Please repeat exactly the lines below from the line with "1)Один уг. Треугольника" to the line with "HOSPITAL NEGRÍN CONVOCATORIA", including both, and leave out every picture.
━━━━
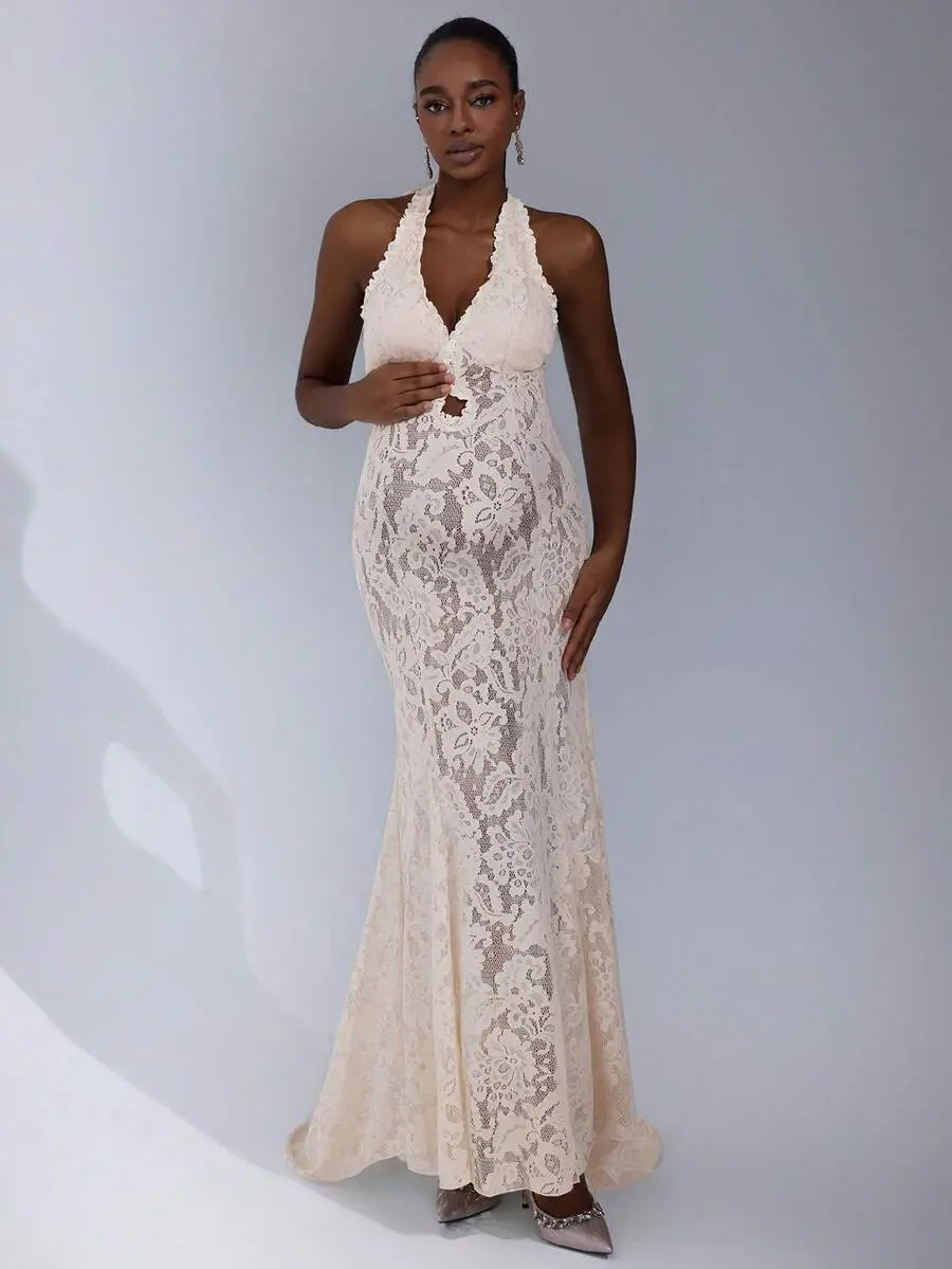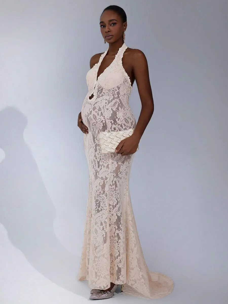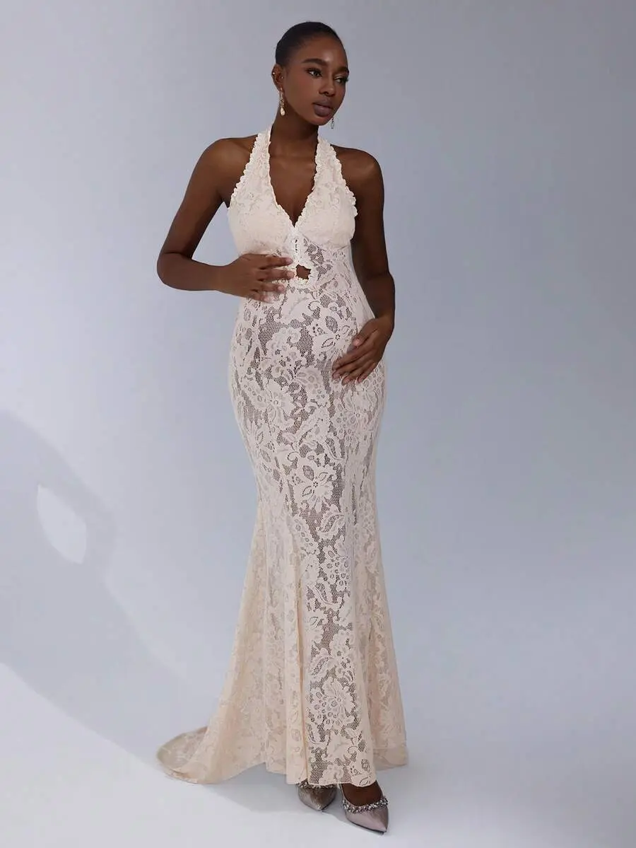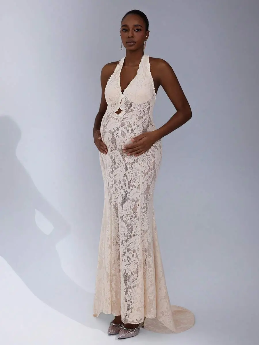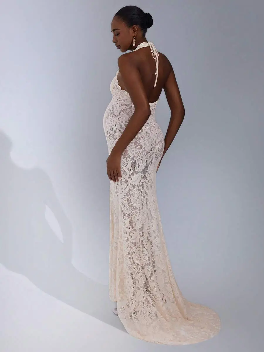 ELLIOTTWII Maternity Photography Dress, Halter Neck With Backless Bowknot Lace Mermaid Maxi Dress
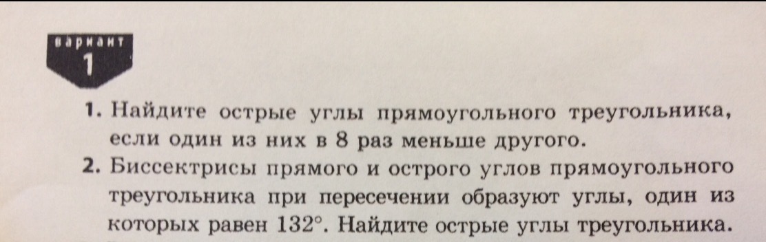 1)Один уг. Треугольника равен 90° т.к. он прямоугольный.
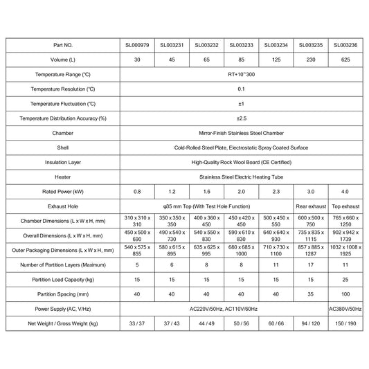 Forced Air Convection Drying Oven, 30-625 L, RT+10Β°C-300Β°C
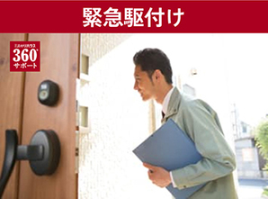 ご購入された物件で水まわり・ガス設備・給湯設備・電気設備・カギ・窓ガラスのトラブルについて、専門スタッフがご自宅へ駆付け対応(360°サポートの一例)
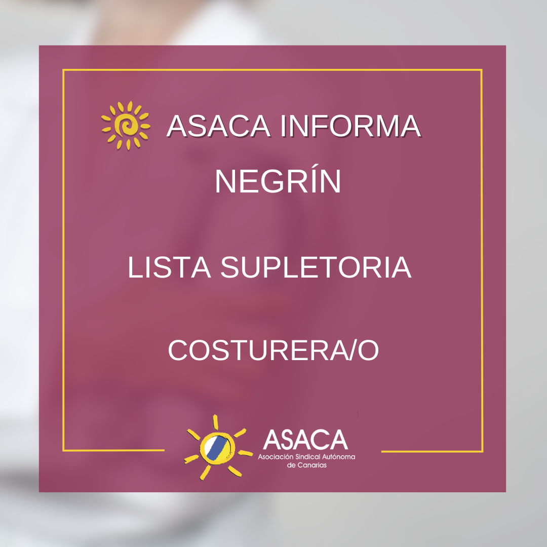 HOSPITAL NEGRÍN CONVOCATORIA URGENTE DE LISTA SUPLETORIA DE COSTURERA/O
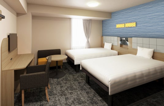 ツインエコノミーでは、家族はもちろん、友人と一緒に快適にお過ごしいただけるよう、座り心地の良いベンチソファーや丸テーブルを設置します。また、ヘッドボードを改良し、2台のベッドをつなげてハリウッドツインにも変更可能となります。
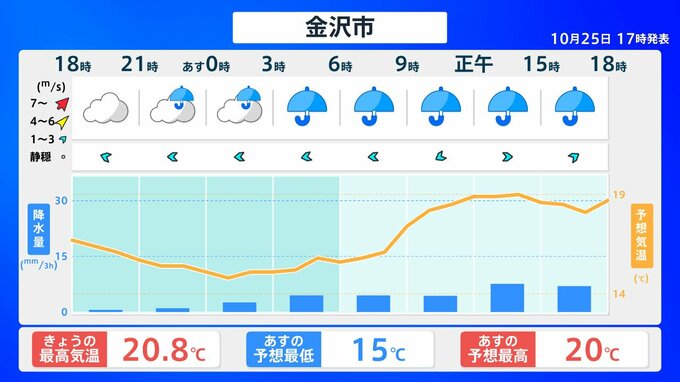 金沢では26日は未明から雨の降る天気になるでしょう。
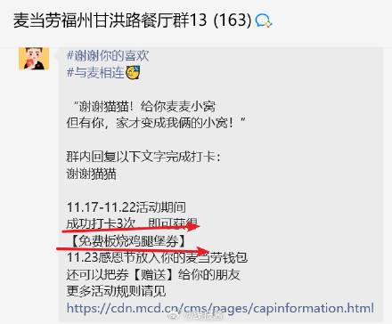 反馈麦当劳社群,打卡三天有免费送板烧,一般门店首次进群还有一杯喝的
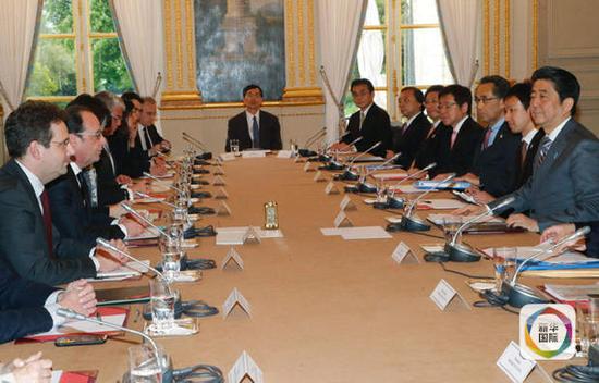 图为5月2日,在法国首都巴黎,法国总统奥朗德(左二)会见到访的日本首相安倍晋三(右一)。
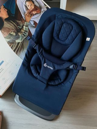 Hamaca Ergobaby Evolve en color “midnight blue” . Diseñada para la comodidad del bebé. - Tejido acolchado y suave. - Arnés de seguridad de 3 puntos. - Base gris con diseño ergonómico.
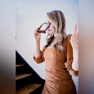 Abercrombie brown/burnt orange ruched / cinched dress size Small
━━━━
__OUTPUT__:
 1)Один уг. Треугольника равен 90° т.к. он прямоугольный.
 Forced Air Convection Drying Oven, 30-625 L, RT+10Β°C-300Β°C
 ご購入された物件で水まわり・ガス設備・給湯設備・電気設備・カギ・窓ガラスのトラブルについて、専門スタッフがご自宅へ駆付け対応(360°サポートの一例)
 HOSPITAL NEGRÍN CONVOCATORIA URGENTE DE LISTA SUPLETORIA DE COSTURERA/O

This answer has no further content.